О символистской парадигматике «крестьянствующих» (именно так — в сниженно-ироническом ключе) в 1922 году (сразу после выступления Троцкого) не раз писал футурист Н. Асеев: «Сергей Клычков из пахаря превращается в символиста соловьевского оттенка»[415]. Асеевская статья «Избяной обоз (О „пастушеском“ течении в поэзии наших дней)» является первым развернутым формально-социологическим анализом эстетического канона крестьян-символистов: «мастерская бело-блоковского символизма». Главное положение статьи — о не преодолевших символизм — развивается Асеевым как на политическом уровне — союзники с символистами по «скифству» и тесным связям с эсерами (в 1922-м — звучит как политический донос), так и на эстетическом — та же, что у символистов, двойственность миросозерцания, склонность к мистике и религиозному пониманию творчества: «чистейший символизм с его потяготой к язычеству, к традициям, канонам и мистике искусства…». Все это было неприемлемо не только и не просто для Асеева-футуриста; критик отливает формулировки в полном согласии с призывом партии бороться с «правыми опасностями» и остатками религиозного сознания[416]. В 1923-м Асееву и стоящему за ним лагерю критиков-«жизнестроителей» ответит С. Клычков статьей «Лысая гора» (печатается в «Красной нови»): «Всеобщая мобилизация бессмыслицы и крестовый поход против человеческого нутра»[417].

В 1923–1925 годах новокрестьяне и «мужиковствующие» безуспешно (как и попутчики-серапионы) пытаются создать свой журнал (альманах) литературы и критики. Литературными критиками могли выступить Есенин, Клычков, Вс. Иванов, Пильняк. Неопубликованными и недописанными остаются у Есенина его статьи о современной литературе. Запланированная на 1924 год книга статей Клычкова в свет не вышла. В 1924-м ГПУ инициирует закрытый судебный процесс по делу «русофилов», «национальной интеллигенции» — молодых крестьянских поэтов и художников, объединенных чекистскими критиками в «террористическую» организацию «Орден русских фашистов» (члены группы были приговорены к высшей мере наказания и расстреляны в 1924 году). В феврале 1925-го на литературном совещании в ЦК Бухарин резюмировал сформулированный Троцким вопрос о непростом пути «мужиковствующих» («До какой станции?»[418]) без особой рефлексии:

По отношению к крестьянам — их нам надо переработать, по отношению к иным черносотенцам — совершенное уничтожение. По отношению к попутчикам точно так же — их переработка частью, а частью их «изгнание»[419].

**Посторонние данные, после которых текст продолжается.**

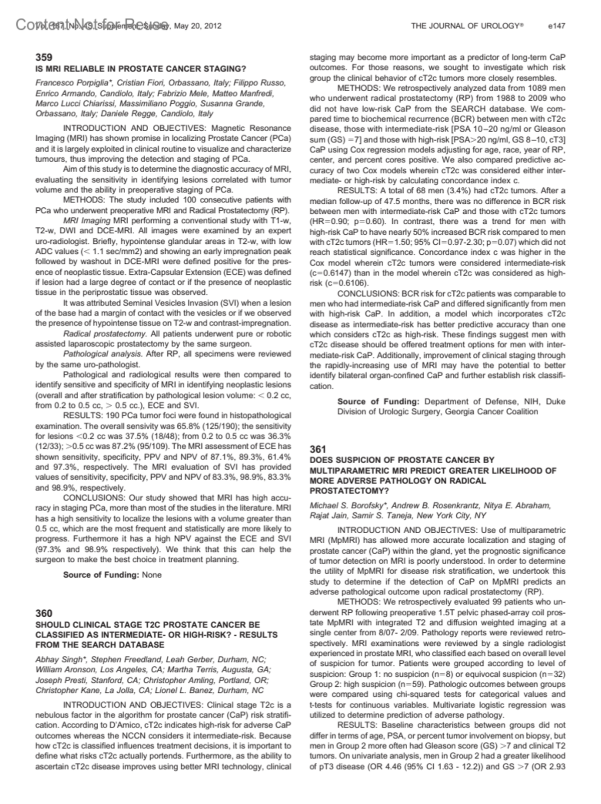 Journal of Urology 187(4):p e147, April 2012.

После кампании борьбы с есенинщиной 1927 года проскочить в реконструктивный период и прижиться там смогут лишь те из «новокрестьян» и «мужиковствующих», кто вовремя пересядет в большой горьковский поезд колхозной литературы.

Линия на «раскрестьянивание» (Бухарин) советской литературы имела в двадцатых годах мощную поддержку в лице находившегося за границей М. Горького и горьковского круга писателей из крестьян (Семен Подъячев, Иван Вольнов). Русское крестьянство и русская деревня — едва ли не главная тема учительных писем Горького «мужиковствующим» Н. Никитину, К. Федину, Вс. Иванову, Л. Леонову. Он убеждает живущего в деревне старопролетарского прозаика Ив. Вольнова не жалеть крестьян-мужиков и деревню: «глупость, дикарство и гнусненькое зверство русской деревни»; «да погибнет она так или эдак, не нужно ее никому, и сама себе она не нужна»[420]. Горький пишет предисловие к книге главного в пролетарской крестьянской литературе прозаика С. Подъячева «Жизнь мужицкая» (1923):

Его имя останется в истории русской литературы как имя человека, изобразившего деревню во всей жути, которая — надо верить — скоро и навсегда издохнет. Читая его книги, современная молодежь не оглянется назад с […] сожалением[421].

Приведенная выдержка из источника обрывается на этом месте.